Algonquin has not received any official documents from the ministry yet, but Bridgstock said they believe the task force “will be led by the vice-president of student services, Laura Stanbra, and a collection of people from across the college, who work and support this initiative, including students from the SA, all the different teams, residences, health services, Project Lighthouse, Crawford and myself.”

The implementation of the task force will take place over the next few weeks and months.

“As elected officials and as our ministry works with administration, both college and universities, it’s on us to know the experiences, shared experiences and to understand how students feel on campuses,” said Piccini.

Another expectation is that all post-secondary campuses across Ontario revise standards and policies currently in place on sexual violence.

Once Algonquin receives its student data from the ministry, it will help with shaping and changing policies.

“Some broad things we have to see is a streamline of one window, easy point of access for students to report; there needs to be the task force to represent the views of marginalized and underrepresented groups.

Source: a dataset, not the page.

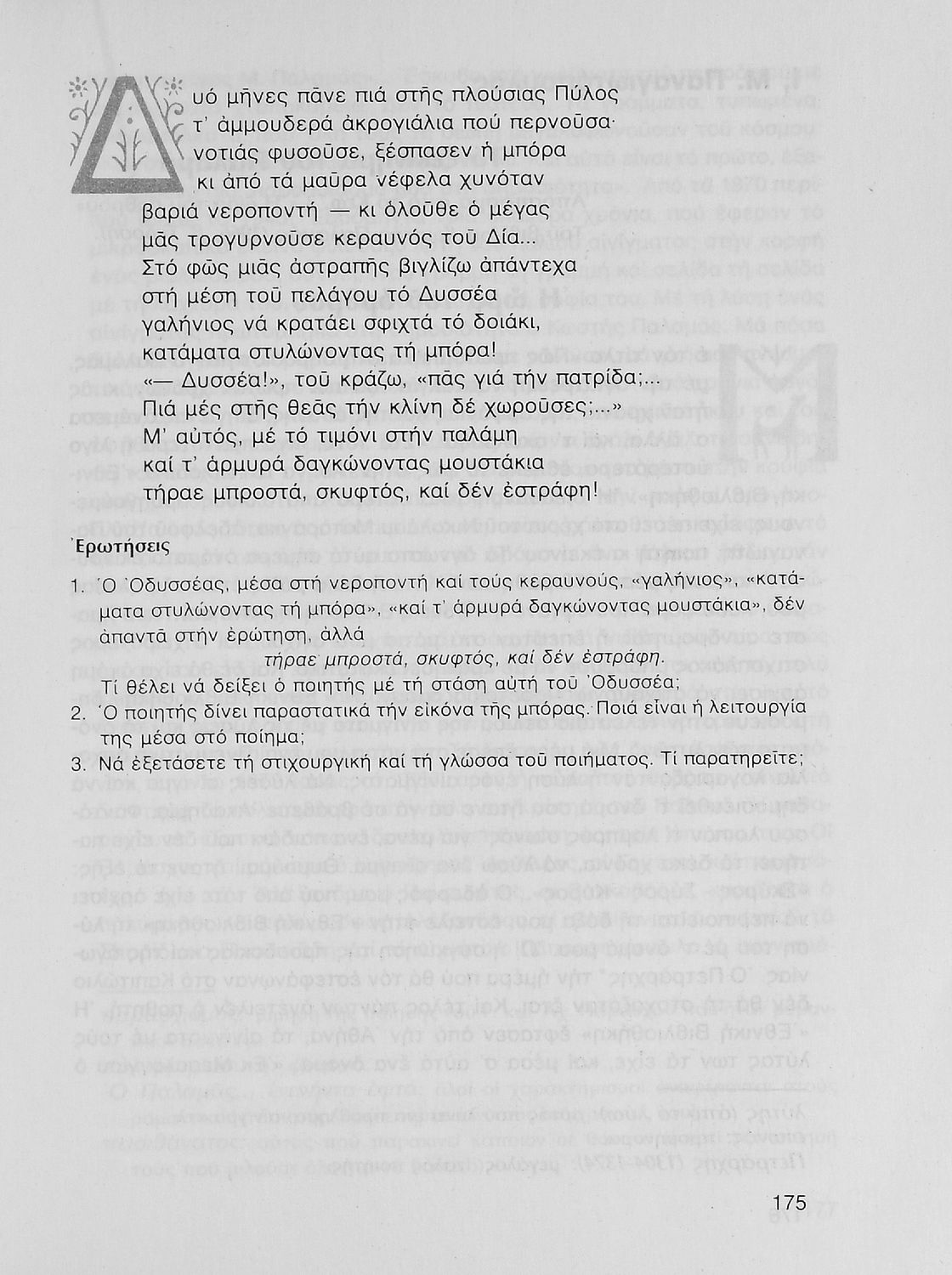 Σχολικό εγχειρίδιο Νέων Ελληνικών Α΄ Γυμνασίου που περιλαμβάνει δοκίμια, πεζά και ποιήματα Ελλήνων συγγραφέων και δημοτικά τραγούδια εμπνευσμένα από τη θρησκευτική, εθνική και κοινωνική ζωή, τη "δοκιμασία της ...

Every institution has to have a report, and that needs to be out in the open,” said Piccini.

Minster of Training, Colleges and Universities, Merilee Fullerton, has referred the survey to the privacy commissioner to review, to make sure names of people who participated in the survey are not released to the public. It is too early to speculate if the full reports will be published as the privacy commissioner has not issued a decision yet.

There hasn’t been a discussion yet for the next fiscal year or the one after that to look at increasing the funding past the $6 million. According to New Democrat MPP Suzie Morrison, NDP women’s issues critic, $6 million falls flat.

“The announcement falls woefully short of what survivors of sexual assault in this province need, and the increased grant money will only pay for a few cameras on campus,” said Morrison in a Toronto Star article on March 19, 2019.

“It’s a shame that Suzie is politicizing this issue, rather than coming forward and offering concrete solutions and working with us. She is trying to score cheap political points; this is a non-partisan issue that’s got to bring us together and not divide us,” said Piccini.

Piccini is open to ideas from the opposition at any point on this, and so is the Ministry of Training, Colleges and Universities. They will be in charge of reviewing the annual data from reports sent from post-secondary campuses.

“It’s on all of us to make life better; this is our next generation, and we got to stand by them and support them in these informative years their education is done safely and securely,” said Piccini.